DATA EXTRACTS Block Start

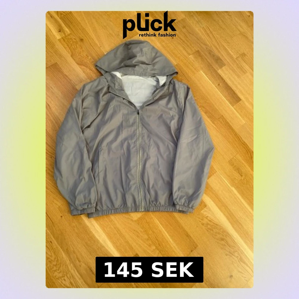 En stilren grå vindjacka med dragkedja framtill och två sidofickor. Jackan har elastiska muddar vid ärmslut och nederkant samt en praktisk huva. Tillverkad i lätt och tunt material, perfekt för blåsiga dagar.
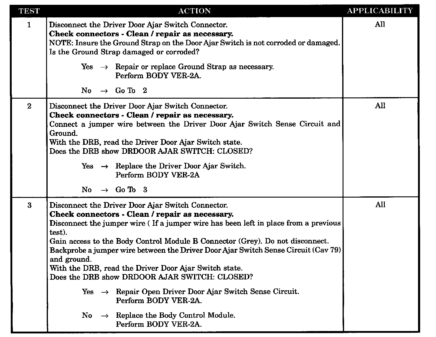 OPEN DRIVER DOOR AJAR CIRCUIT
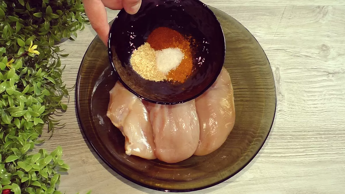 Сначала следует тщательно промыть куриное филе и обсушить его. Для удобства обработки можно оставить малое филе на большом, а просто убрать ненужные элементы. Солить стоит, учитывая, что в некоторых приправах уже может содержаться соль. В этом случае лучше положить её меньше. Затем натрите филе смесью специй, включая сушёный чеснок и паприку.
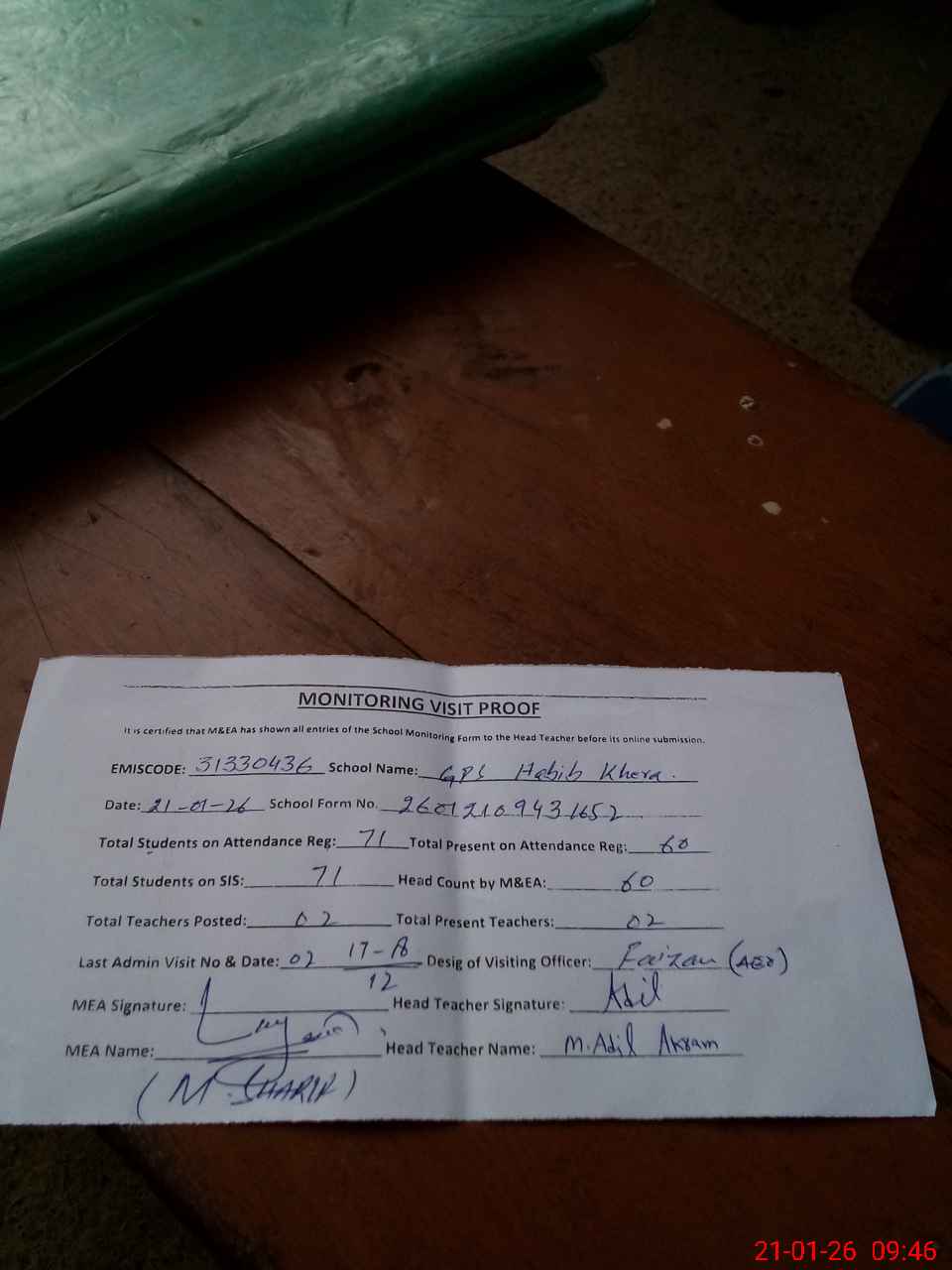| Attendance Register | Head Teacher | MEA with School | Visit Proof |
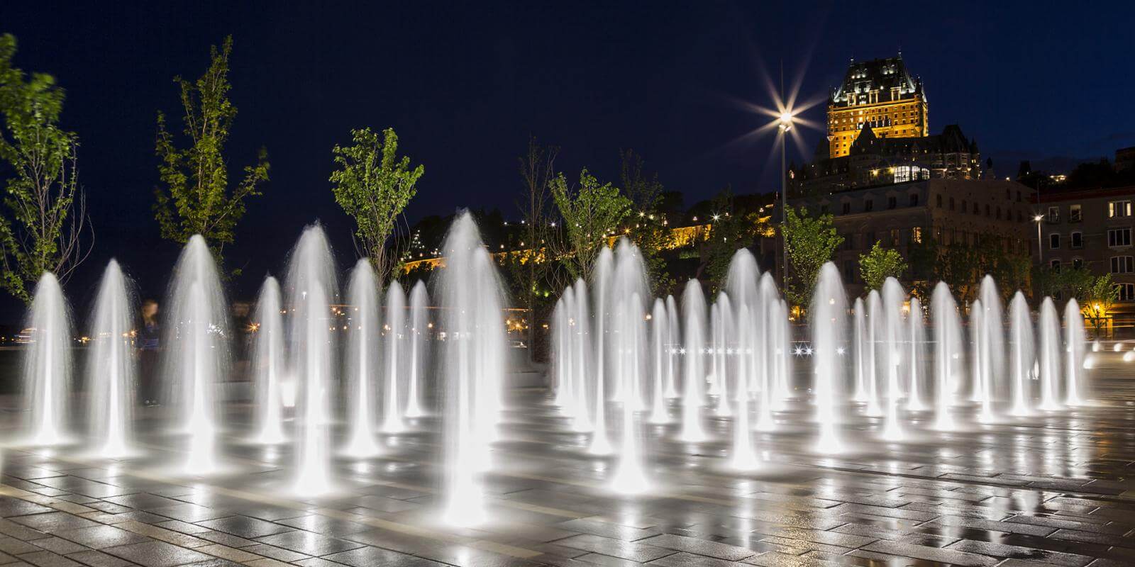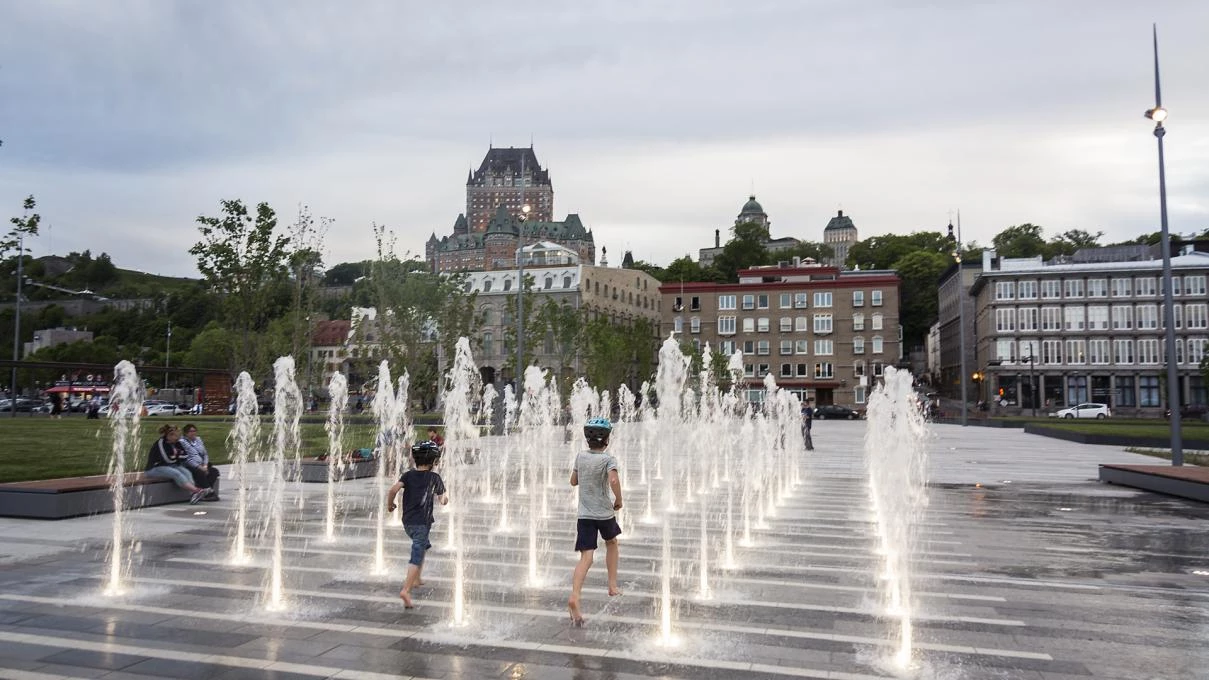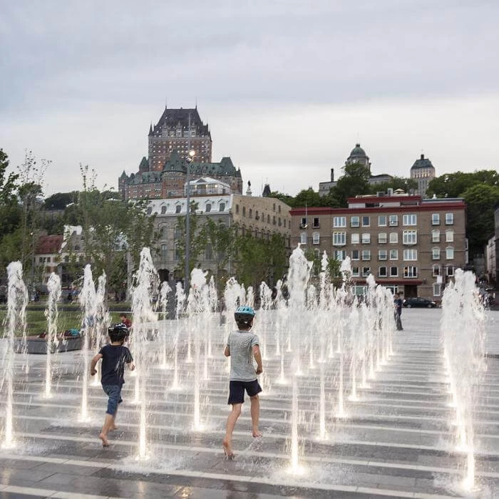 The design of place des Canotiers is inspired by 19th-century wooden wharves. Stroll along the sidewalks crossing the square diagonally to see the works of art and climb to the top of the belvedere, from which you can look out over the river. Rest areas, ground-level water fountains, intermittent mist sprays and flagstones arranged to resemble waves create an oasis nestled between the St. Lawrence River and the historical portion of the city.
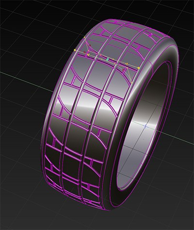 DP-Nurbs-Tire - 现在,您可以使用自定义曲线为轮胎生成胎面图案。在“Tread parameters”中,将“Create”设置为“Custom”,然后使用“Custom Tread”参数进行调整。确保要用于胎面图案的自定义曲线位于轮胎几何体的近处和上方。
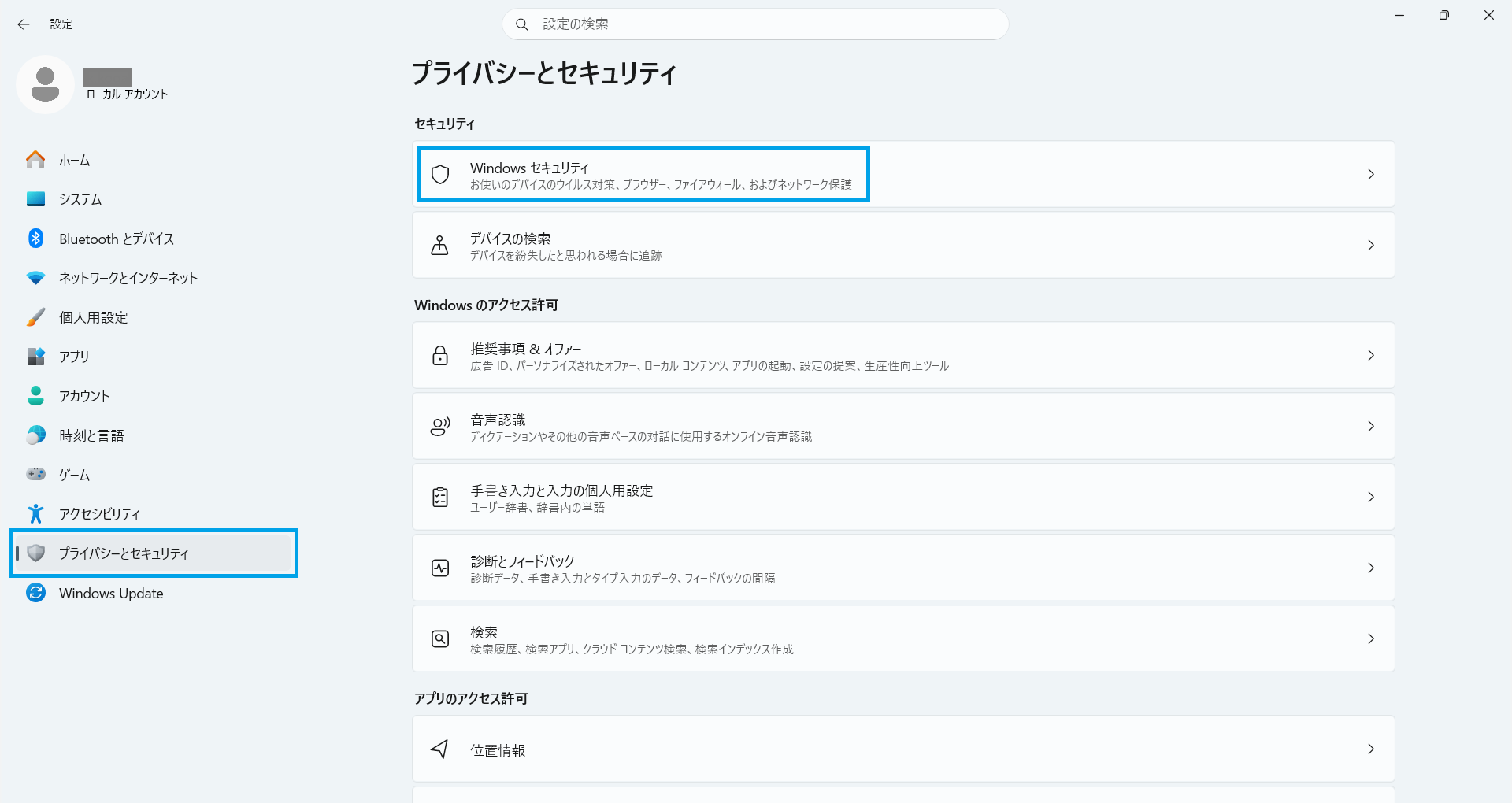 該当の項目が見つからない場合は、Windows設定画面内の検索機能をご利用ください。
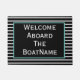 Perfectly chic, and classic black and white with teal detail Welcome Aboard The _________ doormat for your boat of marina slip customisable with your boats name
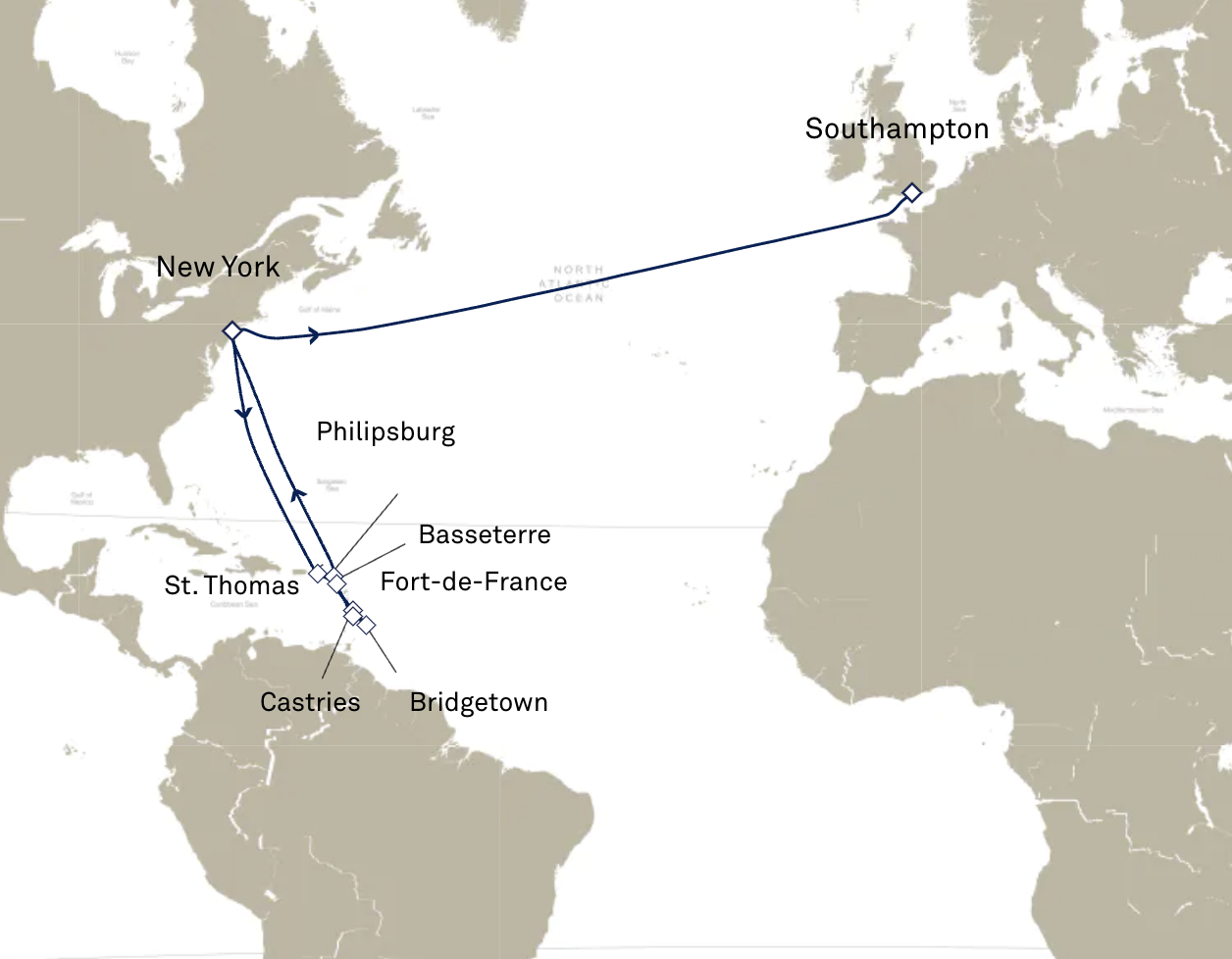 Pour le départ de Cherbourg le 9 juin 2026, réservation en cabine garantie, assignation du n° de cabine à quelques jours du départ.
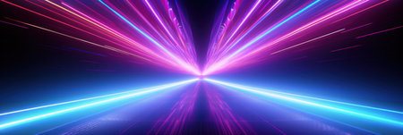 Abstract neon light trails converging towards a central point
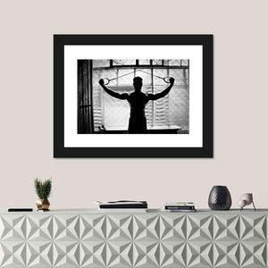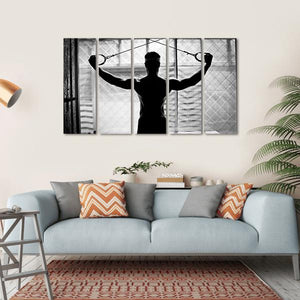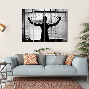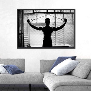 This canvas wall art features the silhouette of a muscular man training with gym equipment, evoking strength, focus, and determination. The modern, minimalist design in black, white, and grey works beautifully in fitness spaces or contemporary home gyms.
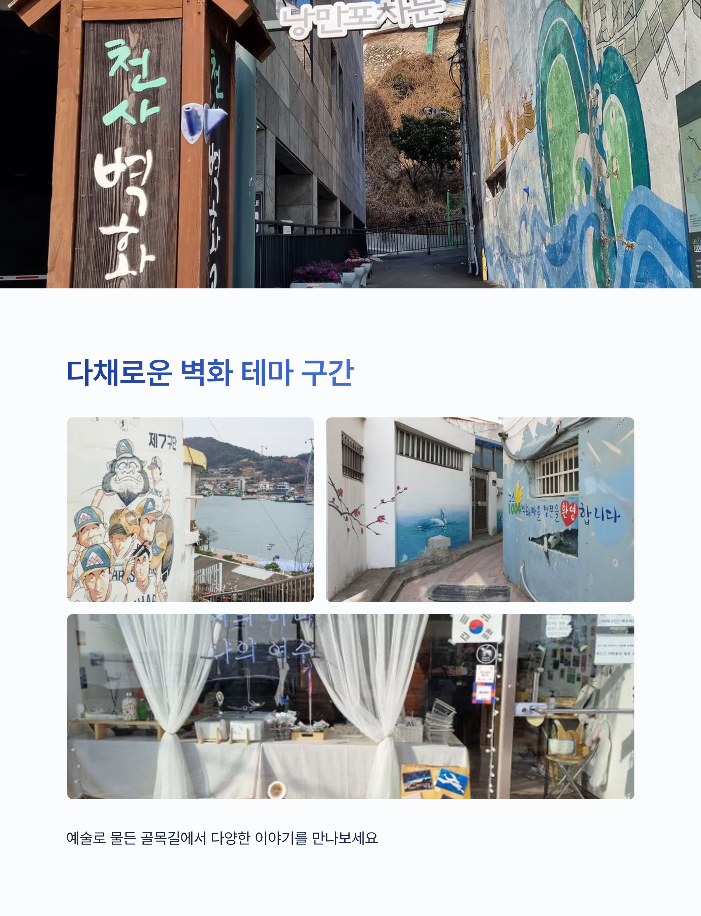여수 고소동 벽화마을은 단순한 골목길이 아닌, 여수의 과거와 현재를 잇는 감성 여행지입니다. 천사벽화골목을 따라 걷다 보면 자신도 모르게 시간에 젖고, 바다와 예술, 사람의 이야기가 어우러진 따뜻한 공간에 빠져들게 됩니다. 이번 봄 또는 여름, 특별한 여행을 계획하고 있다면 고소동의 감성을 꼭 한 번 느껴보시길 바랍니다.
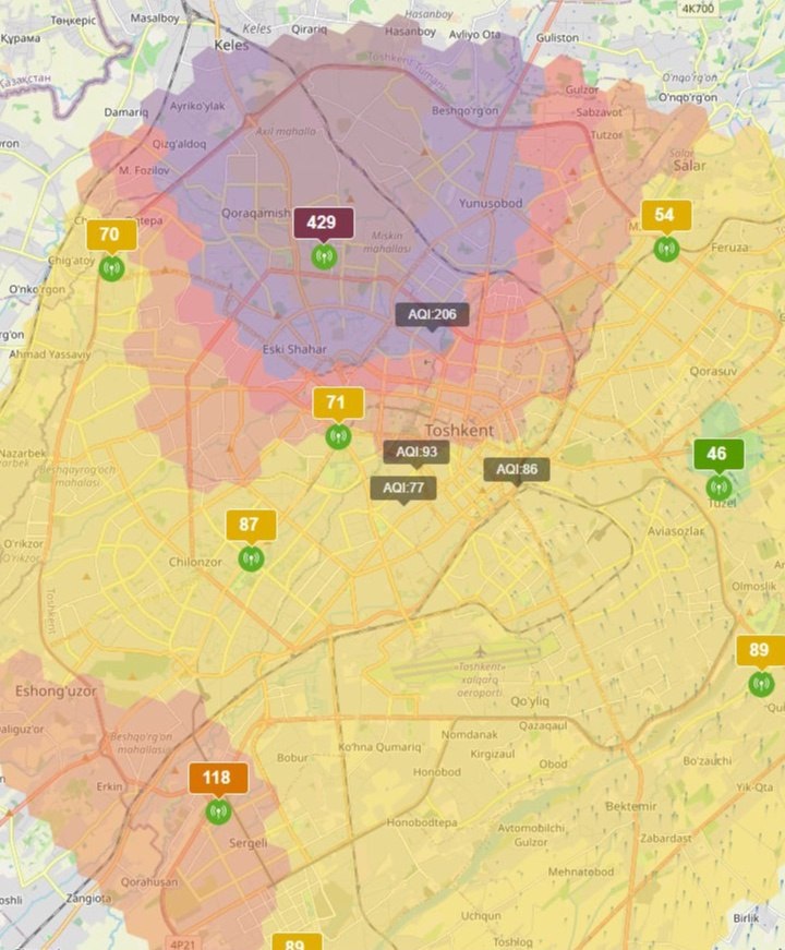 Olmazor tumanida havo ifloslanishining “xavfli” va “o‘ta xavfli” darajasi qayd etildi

DATA EXTRACTS Block End

• **WORK TO BE COMPLETED**:
From the line containing "여수 고소동 벽화마을은" down to the final line of the material above, reproduce each line exactly and include no images.

• **ANSWER TO THE EXERCISE**:
여수 고소동 벽화마을은 단순한 골목길이 아닌, 여수의 과거와 현재를 잇는 감성 여행지입니다. 천사벽화골목을 따라 걷다 보면 자신도 모르게 시간에 젖고, 바다와 예술, 사람의 이야기가 어우러진 따뜻한 공간에 빠져들게 됩니다. 이번 봄 또는 여름, 특별한 여행을 계획하고 있다면 고소동의 감성을 꼭 한 번 느껴보시길 바랍니다.
 Olmazor tumanida havo ifloslanishining “xavfli” va “o‘ta xavfli” darajasi qayd etildi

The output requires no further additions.